━━ EXERCISE DATA

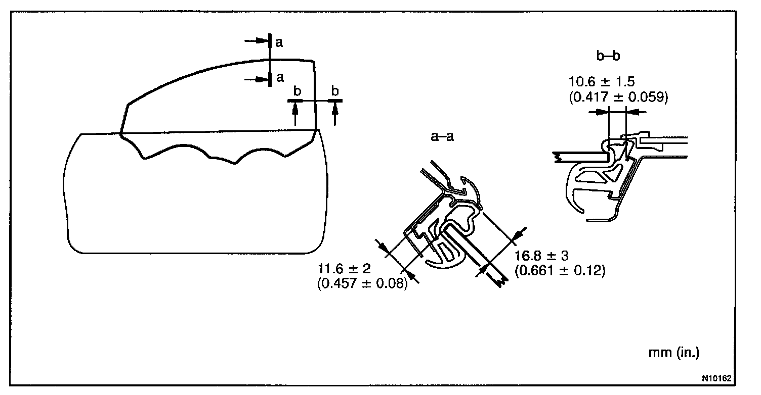 5. The upper edge of the glass cannot be seen from outside of the vehicle (The edge is touching the roof side rail weatherstrip).
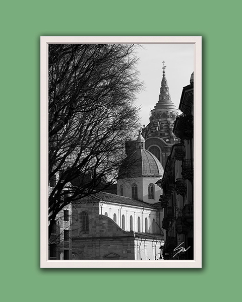 A moving B&W shot of the iconic Holy Shroud Chapel in Torino, Italy. The branches of a tree complement its silhouette without covering it: a proof that nature and art can coexist beautifully. This print has been realized on glossy Fuji Crystal Archive paper, and mounted beneath acrylic glass. The mounted print is surrounded by a beautiful white solid wood frame. Every element of this piece was individually selected with intention as being a part of a unified piece of art.
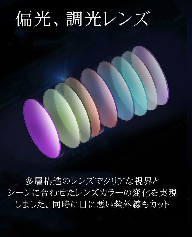 【多用途】一枚サングラスで三つ機能で、【●夜間増光●快速調光●偏光】一年中どんな気候でも利用でき、昼だけではなく、夜でも視野がクリアに、様々なところに適当で、例えば:雨の日、曇りの日、ゴルフ、野球、ランニング、自転車、山登り、旅行、野球、路面、水面、雪面からの照り返し、運転やドライブ、釣り、バイク、トンネルでも、夜の対向車のヘッドライトのまぶしさが防げなどにピッタリです。●●●●●運転時注意こと:このサングラスが紫外線を監視したら、レンズの色がグレーに変わり、自動車のガラスは紫外線を遮る機能があるため、太陽天気で、運転したら、レンズが変色しません。
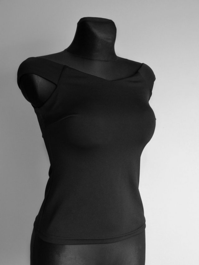 Świetna bluzeczka marki ATMOSPHERE. Czarna. Krój krótki, obcisły. Dekolt w kroju łódki. Na szerszych ukośnych ramiączkach. Na piersiach zaszewki. Dół prosty. Materiał grubszy, elastyczny.
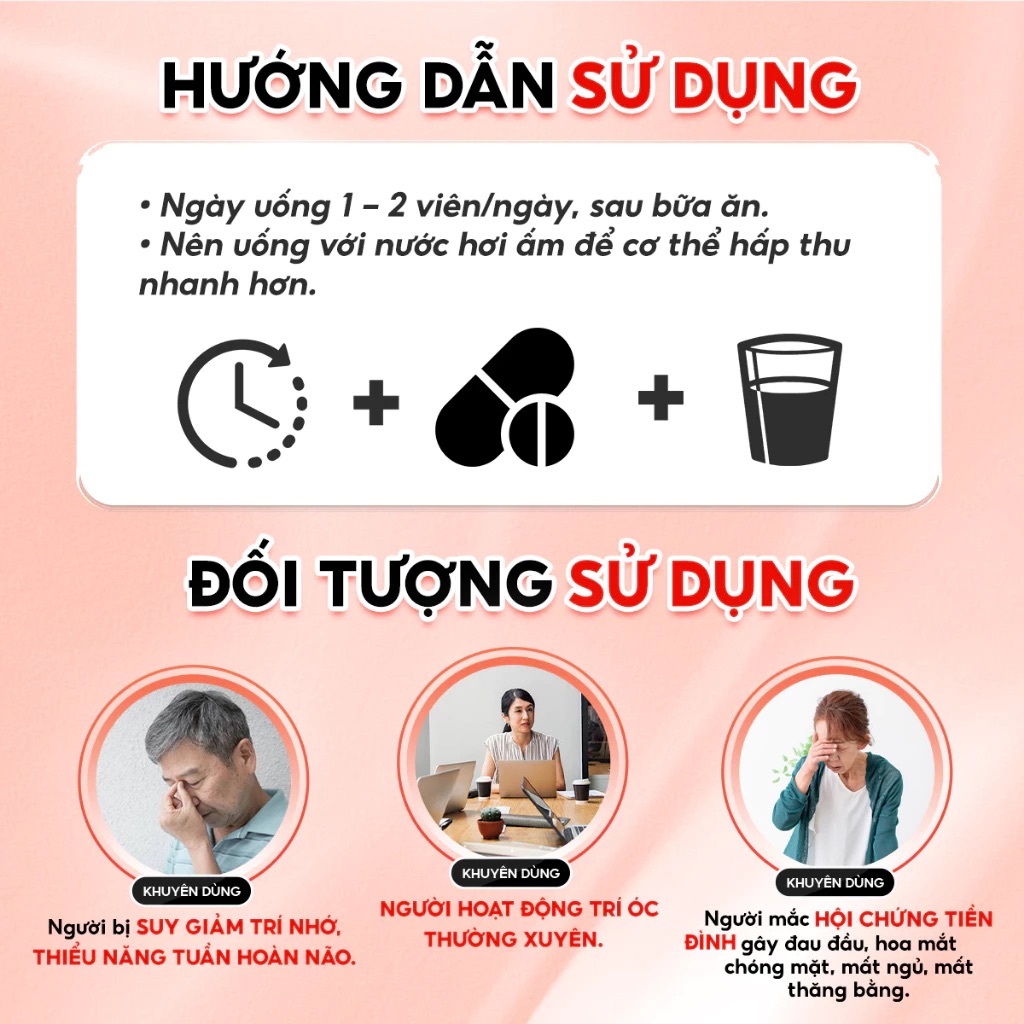 Thành phần Công dụng Hỗ trợ hoạt huyết, tăng cường tuần hoàn máu não, giảm các biểu hiện do thiểu năng tuần hoàn. Hỗ trợ giảm các di chứng sau tai biến mạch máu
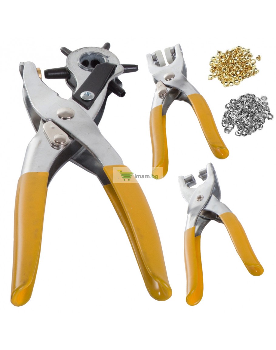 Комплектът инструменти за кожени изделия е набор от инструменти, с които можете лесно да поставяте копчета, закопчалки и да правите дупки в колани, обувки и др.
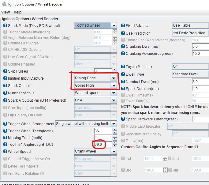 However this shouldn't really make any difference as I'm not simply measuring the physical location of the missing tooth with respect to TDC I have checked the point which the spark actually occurs with a strobe. This is initially done by setting "Fixed Advance" setting to "Fixed timing" which triggers at whatever setting is entered in "Timing For Fixed Advance". For setup I put this at 10° so that I could read it off against the timing mark I have on my crank pulley from using the distributor, this was reading spot on. When I re-enabled the table I could see that the timing was indeed triggering at 30°. I don't have a mark on the pulley for this but could see it was around 3x as far as the 10° mark and the teeth on the 36-1 also verified this (at least to a degree or two)
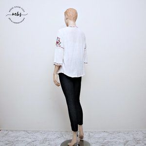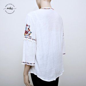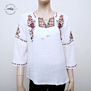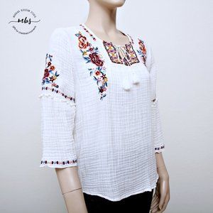 Beachlunchlounge Embroidered Floral Boho Tassel Neck Tie Cotton Blouse
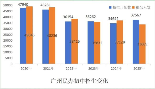 6月底,广州11区民办初中电脑摇号派位结束。数据显示,全市33669人报名民办初中,160所民办初中(校区)提供37567个学位,97所学校报名人数超过招生计划数进行电脑摇号派位。相比2024年,招生学校(校区)增加4个,学位数量增加2925个,报名人数减少3459个。2024年,全市156所民办初中总招生计划34642个,填报志愿的人数为37128人。
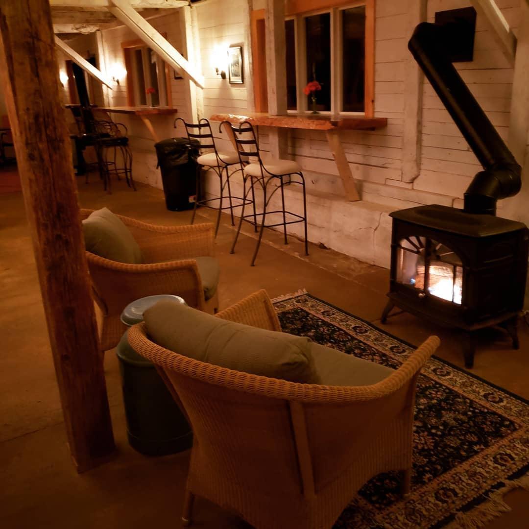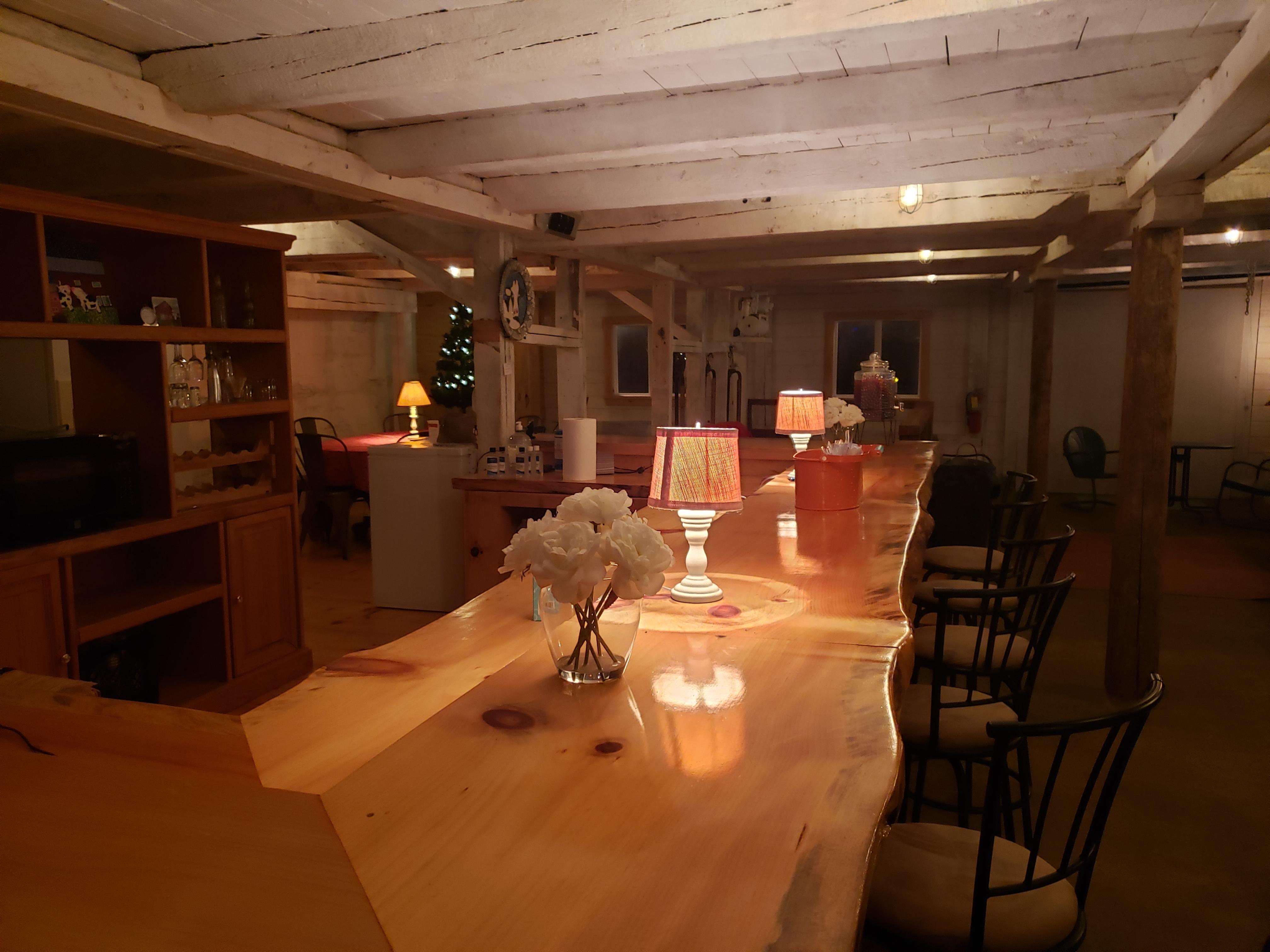 - A stunning 30 foot live edge bar. - Gorgeous 2 ft. wide wood plank flooring. - Two glass front stoves for a chilly night or ambience. - Ample space and tables for appetizers. - Plenty of refrigerator and freezer space for food and beverages. - The perfect space for cocktails and conversation. - The attached milk house for changing or preparation.

━━━━

PROBLEM TO WORK ON:
Everything from the opening line of the data through the line with "A moving B&W" should be repeated exactly; leave the pictures out.

SOLUTION FOR THIS TASK:
 5. The upper edge of the glass cannot be seen from outside of the vehicle (The edge is touching the roof side rail weatherstrip).
 A moving B&W shot of the iconic Holy Shroud Chapel in Torino, Italy. The branches of a tree complement its silhouette without covering it: a proof that nature and art can coexist beautifully. This print has been realized on glossy Fuji Crystal Archive paper, and mounted beneath acrylic glass. The mounted print is surrounded by a beautiful white solid wood frame. Every element of this piece was individually selected with intention as being a part of a unified piece of art.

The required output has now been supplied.